Dr Maria Varsam
The University of the Peloponnese, Greece
'Scapegoating, Nature and Nationhood in Dawn King's Foxfinder'
ABSTRACT: Dawn King’s Foxfinder (2011) is a dystopian play foregrounding surveillance, eco-catastrophe and political instability set in a near future England where a farming couple is visited by a ‘foxfinder’ who will determine their rights to landowning. The looming fear of eco-catastrophe forms the starting point of both the foxfinder’s political motivation and the farming community’s resistance. Furthermore, the issues of truth and faith are associated with eco-apocalypse and political alliances which in turn affect power relations, ethical agency and the use value of scapegoating - the consequences of which threaten to disturb the delicate balance between truth and falsehood, faith and doubt, life and death.

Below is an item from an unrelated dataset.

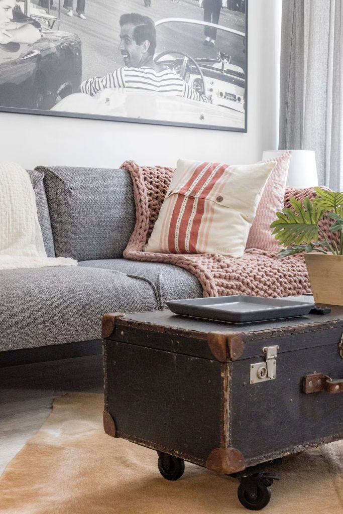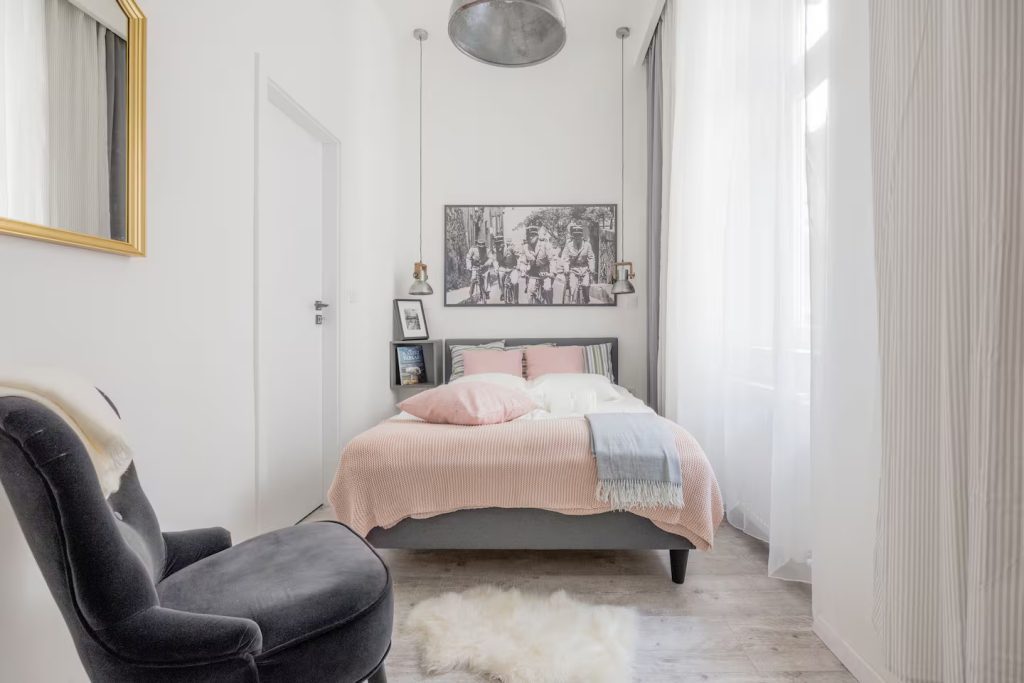 Inside, you will find a pleasant-sized open-plan living room with an American-style kitchen, as well as one smaller and one larger bedroom. As shown on the floor plan, one of the bedrooms includes a charming walk-in wardrobe.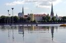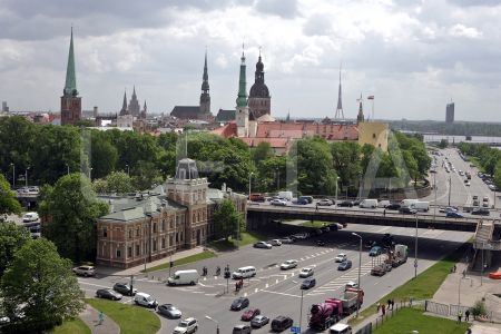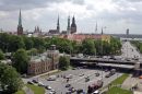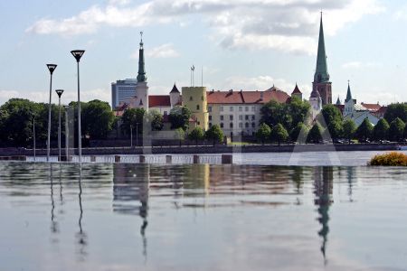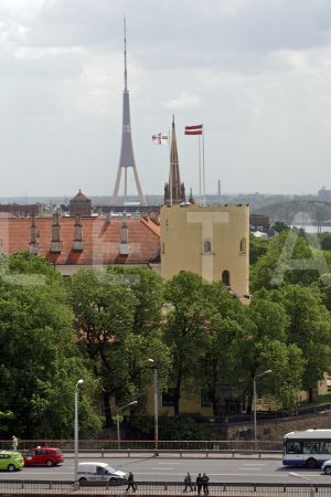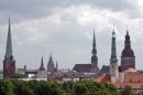 Skats uz Rīgas pili un baznīcu torņiem no "Swedbank" ēkas.

The questions this play raises for the audience, therefore, revolve around the effects of violence at the psychic, social, religious and political level whereby the form of the dystopian narrative is the medium through which the dramatic word proposes a ‘utopian’ ending to the impasse presented.
Maria Varsam is a Lecturer at the University of the Peloponnese, in the Department of Performing and Digital Arts where she teaches courses in American and British Drama, Gender and Performance and EAP. She holds an MA from Lancaster University, an MPhil from the University of Glasgow, and a Ph.D. from the University of Nottingham, with a doctoral thesis on Anglo-American Dystopias. Her research interests are in dystopian fiction, trauma studies, neo-slave narratives, the Bible as literature, friendship, and (self)sacrifice.